Manas (Манас району) is a district of Talas Region in north-western Kyrgyzstan. Its area is 1198 km2, and its resident population was 37,505 in 2021. The administrative seat lies at Pokrovka.

The district is named after the mythical Kyrgyz national hero, Manas, who is said to have been born in the Alatau mountains in the raion. A few kilometers outside Talas lies a mausoleum, supposedly that of Manas, called the Kümböz Manas. However, the inscription on its richly decorated facade dedicates it to "...the most glorious of women Kenizek-Khatun, the daughter of the Emir Abuka".

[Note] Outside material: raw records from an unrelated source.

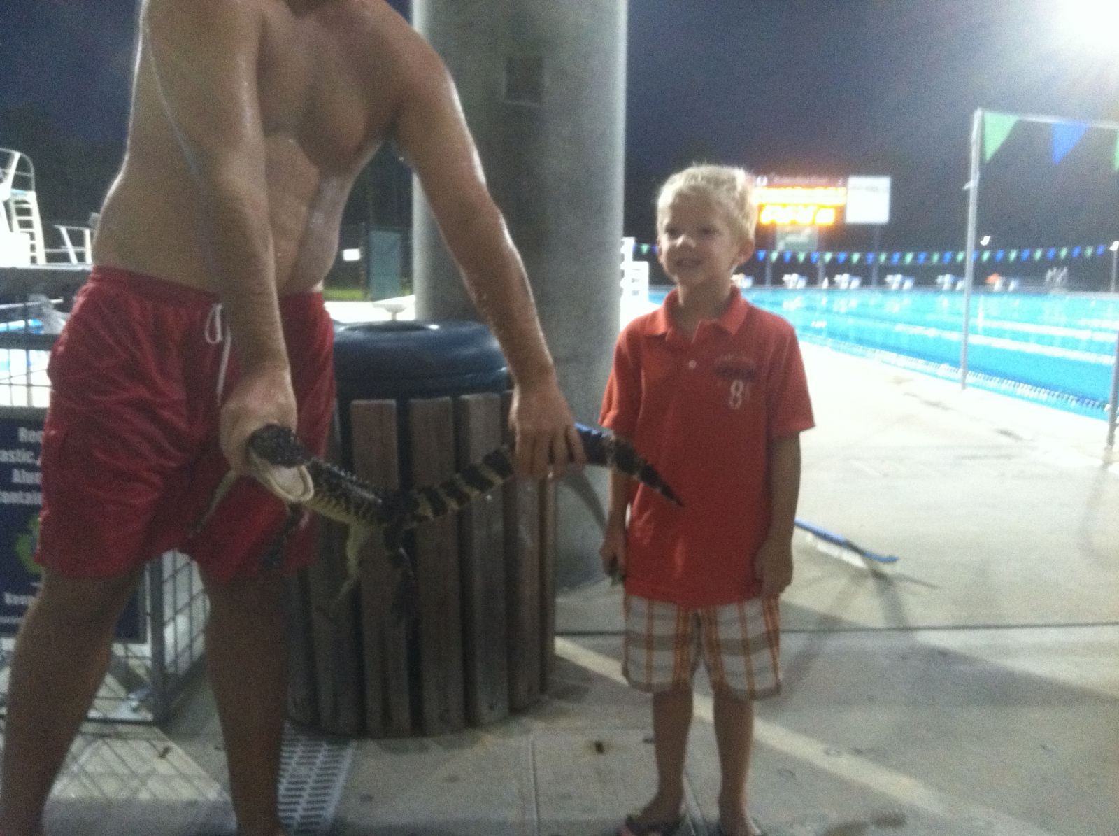 An alligator got into FGCU this morning to get in great workout with GCST. He just couldn't keep up with us. One of the guards had to get in and catch it by hand and then handed it to coach Don until he could get out and eject the offending reptile from the facility.
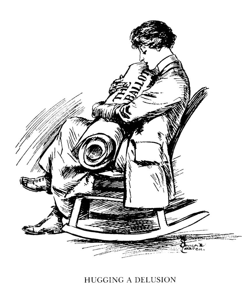 В работах Фостер суфражистки не выглядят «злыми» или «опасными». Чаще это женщины, которые просто ошиблись, сбились с пути, и, разумеется, уже жалеют о своём выборе. В Looking Backward («Оглядываясь назад», 1912) героиня поднимается к «славе», но с сожалением оглядывается на дом, детей и утраченную «нормальную» жизнь. В Hugging a Delusion («Обнимая иллюзию», 1915) женщина укачивает избирательный бюллетень как младенца, прижимая его к себе с той же заботой и нежностью. Право голоса здесь изображено как иллюзия и эмоциональная подмена — не политическое требование, а фантазия, в которую вложены чувства, предназначенные для «настоящей» женской роли. Суфражизм таким образом превращается не в борьбу с неравенством, а в ошибочную привязанность и самообман.
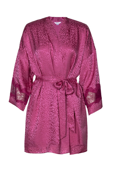 Elevate your travel experience with the perfect mix of comfort and luxury. Crafted in silk jacquard with a subtle leopard print, the Sydney Short Robe is the ultimate companion for both lounging at home or as a part of your travel wardrobe. Whether you're unwinding in a seaside folly or exploring new horizons, this robe is perfect for making every moment feel like a luxury retreat.

The building, known as "Manastin Khumbuzu" or "The Ghumbez of Manas", is thought to have been built in 1334. It now contains a museum dedicated to the epic. A ceremonial mound also lies nearby.

==Rural communities and villages==
In total, Manas District include 22 settlements in 5 rural communities (ayyl aymagy). Each rural community can consist of one or several villages. The rural communities and settlements in the Manas District are:

1. Kayyngdy (seat: Aral; incl. Kayyngdy, Nyldy, Sary-Bulak and Chech-Döbö)
2. Kyrgyzstan (seat: Talas; incl. Kök-Döbö and Manas)
3. May (seat: May; incl. Novodonetskoye)
4. Semetey (seat: Semetey; incl. Bala-Sary, Jayylgan, Kara-Archa and Sögöt)
5. Üch-Korgon (seat: Kyzyl-Jyldyz; incl. Ak-Tash, Jiyde, Kengesh, Chong-Kapka, Tash-Bashat and Üch-Korgon)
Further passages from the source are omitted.